Mediator Complex Subunit 12 Gene Polymorphisms in Uterine Fibroids and Breast Fibroadenomas in Senegalese Women

摘要

Mediator complex subunit 12 (MED12) is a part of the mediator complex, which is believed to regulate transcription. MED12 is mutated at high frequency and with different mutation frequencies in uterine fibroids and breast fibroadenomas of different populations. This study aimed to analyze MED12 mutations in Senegalese population. MED12 was sequenced in the tumoral tissues and blood samples of Senegalese women with uterine fibroids or breast fibroadenomas. Surveyor software version 5.0.1, DnaSP version 5.10, MEGA version 6.06 and Arlequin version 3.5.1.3 were used to determine the level of mutations and genetics parameters.
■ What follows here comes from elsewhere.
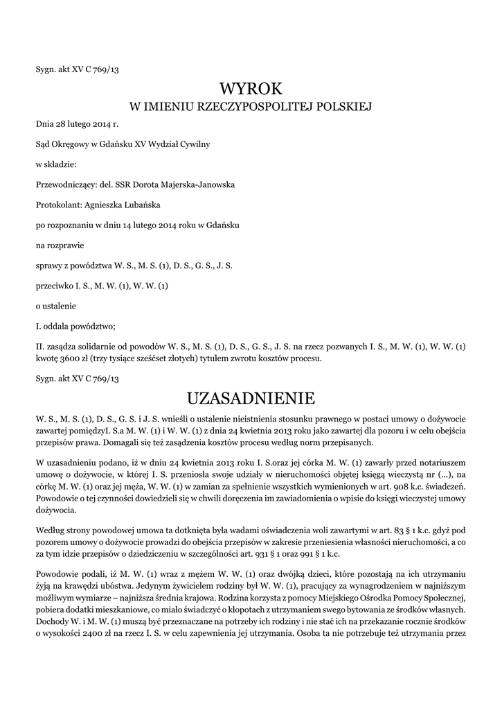 Sygn. akt XV C 769/13 WYROK W IMIENIU RZECZYPOSPOLITEJ POLSKIEJ Dnia 28 lutego 2014 r. Sąd Okręgowy w Gdańsku XV Wydział Cywilny w składzie: Przewodniczący: del. SSR Dorota Majerska-Janowska Protokolant: Agnieszka Lubańska po rozpoznaniu w dniu 14 lutego 2014 roku w Gdańsku na rozprawie sprawy z powództwa W. S., M. S. (1), D. S., G. S., J. S. przeciwko I. S., M. W. (1), W. W. (1) o ustalenie I. oddala powództwo; II. zasądza solidarnie od powodów W. S., M. S. (1), D. S., G. S., J. S. na rzecz pozwanych I. S., M. W. (1), W. W. (1) kwotę 3600 zł (trzy tysiące sześćset złotych) tytułem zwrotu kosztów procesu. Sygn. akt XV C 769/13 UZASADNIENIE W. S., M. S. (1), D. S., G. S. i J. S. wnieśli o ustalenie nieistnienia stosunku prawnego w postaci umowy o dożywocie zawartej pomiędzyI. S.a M. W. (1) i W. W. (1) z dnia 24 kwietnia 2013 roku jako zawartej dla pozoru i w celu obejścia przepisów prawa. Domagali się też zasądzenia kosztów procesu według norm przepisanych. W uzasadnieniu podano, iż w dniu 24 kwietnia 2013 roku I. S.oraz jej córka M. W. (1) zawarły przed notariuszem umowę o dożywocie, w której I. S. przeniosła swoje udziały w nieruchomości objętej księgą wieczystą nr (...), na córkę M. W. (1) oraz jej męża, W. W. (1) w zamian za spełnienie wszystkich wymienionych w art. 908 k.c. świadczeń. Powodowie o tej czynności dowiedzieli się w chwili doręczenia im zawiadomienia o wpisie do księgi wieczystej umowy dożywocia. Według strony powodowej umowa ta dotknięta była wadami oświadczenia woli zawartymi w art. 83 § 1 k.c. gdyż pod pozorem umowy o dożywocie prowadzi do obejścia przepisów w zakresie przeniesienia własności nieruchomości, a co za tym idzie przepisów o dziedziczeniu w szczególności art. 931 § 1 oraz 991 § 1 k.c. Powodowie podali, iż M. W. (1) wraz z mężem W. W. (1) oraz dwójką dzieci, które pozostają na ich utrzymaniu żyją na krawędzi ubóstwa. Jedynym żywicielem rodziny był W. W. (1), pracujący za wynagrodzeniem w najniższym możliwym wymiarze – najniższa średnia krajowa. Rodzina korzysta z pomocy Miejskiego Ośrodka Pomocy Społecznej, pobiera dodatki mieszkaniowe, co miało świadczyć o kłopotach z utrzymaniem swego bytowania ze środków własnych. Dochody W. i M. W. (1) muszą być przeznaczane na potrzeby ich rodziny i nie stać ich na przekazanie rocznie środków o wysokości 2400 zł na rzecz I. S. w celu zapewnienia jej utrzymania. Osoba ta nie potrzebuje też utrzymania przez osoby trzecie, pobiera wysoką emeryturę po zmarłym mężu, której wysokość znacznie przekracza dochody pozostałych pozwanych. Okoliczności te miały wykazać, iż M. W. (1) wraz z mężem nie są w stanie utrzymać I. S., zapewnić jej godziwego życia, opieki lekarskiej czy ewentualnego pogrzebu, o czym obie strony umowy doskonale wiedziały w chwili zawarcia umowy. Świadczenie, do którego zobowiązała się M. W. (1) i jej mąż spełnia tym samym przesłanki świadczenia niemożliwego, o którym stanowi art. 387 § 1 k.c., który stwierdza jednoznacznie, iż umowa taka jest nieważna. Powodowie uważali, iż zawierając umowę o dożywocie I. S.oraz M. W. (1) i W. W. (1) starali się obejść przepisy o dziedziczeniu, które wyraźnie przewidują udział dzieci zmarłego do spadku w przypadku dziedziczenia ustawowego oraz instytucje zachowku w przypadku dziedziczenia z testamentu. Strony umowy chciały wyłączyć w przypadku śmierci I. S. ustawowe prawo pozostałych dzieci M., D., G., J. oraz W. do dziedziczenia po swojej matce. Irena Spyra, M. W. (1) i W. W. (1) wnieśli o oddalenie powództwa oraz zasądzenie od strony powodowej na rzecz strony pozwanej kosztów procesu. Podniesiono, że czynność zmierzająca do obejścia prawa nie może być jednocześnie czynnością pozorną. Nie jest możliwe obejście prawa poprzez dokonanie czynności pozornej, choćby z tego względu, że czynność symulowana jest bezwzględnie nieważna. Obie te instytucje wzajemnie się wykluczają. Wskazano, iż zawarta umowa dożywocia nie ma cech czynności pozornej, albowiem umowa została zawarta przed notariuszem. Zaprzeczono, by składając oświadczenie pozwani w rzeczywistości nie mieli na celu dokonania tej czynności. Strony zamierzały zawrzeć umowę dożywocia i tak też uczyniły. Po jej podpisaniu, była ona wykonywana. Zaś obowiązek dożywocie nie ograniczał się wyłącznie do świadczeń pieniężnych. Wprawdzie kontrakt miał charakter ekwiwalenty, lecz nie oznaczało to, że świadczenie ma odpowiadać konkretnej kwocie pieniężnej. Dożywotnik uzyskiwał bowiem świadczenie, posiadające określony wymiar materialny, przejawiający się zaoszczędzeniu wydatków, które musiałby ponieść w związku z własnym utrzymaniem. M. i W. W. (1) dbają oI. S., bywają w jej mieszkaniu 3-4 razy w tygodniu, robią większość zakupów, gotują, robią przetwory, córka zajmuje się sprzątaniem mieszkania. Stan zdrowia matki wymaga pomocy we wszystkich czynnościach domowych. M. W. (1) zajmuje się wszelkimi sprawami dotyczącymi stanu zdrowia pozwanej, a jej mąż wozi teściową do lekarzy. Po wizycie w szpitalu, I. S.przebywała w mieszkaniu małżonków W.. Opieka ta ma walor finansowy. Gdyby czynności te nie były wykonywane przez resztę pozwanych, toI. S.musiałaby zatrudnić opiekunkę na zasadzie odpłatności. Pozwani wskazali, iż są w stanie wykonać zawartą umowę, a sytuacja materialno – finansowa przedstawiona przez powodów nie jest prawdziwa. Dysponują trzypokojowym mieszkaniem, gdzie zamieszkują wraz z synami S. – studentem oraz P. – uczniem gimnazjum. Dochody rodziny nie są wysokie, to jednak środków starcza na zaspokojenie wszystkich potrzeb. M. W. (1) z uwagi na zdrowie oraz konieczność opieki na dziećmi, zrezygnowała z zatrudnienia. Po usamodzielnieniu się dzieci, pozwana zajmowała się od 9 lat swoim teściem po zawale mięśnia sercowego. Wydatki rodziny

Our results showed the presence of variants in the tumoral tissues only, with most of them being heterozygous single nucleotide polymorphisms. Deletion in polyA tail was identified for the first time in the studied population. Data also showed that MED12 exon 2 was under positive selection in case of uterine fibroids and breast fibroadenomas. The variants frequencies were not similar to those found in the Finnish or Southern United States populations for cases of uterine fibroids, and to Japanese population for cases of breast fibroadenomas. These results suggest that MED12 variants could contribute to the development of uterine fibroids and breast fibroadenomas. The present study contributes to the current information on MED12 variations in different populations and may aid in the development of personalized diagnoses for patients with uterine fibroids or breast fibroadenomas in the future.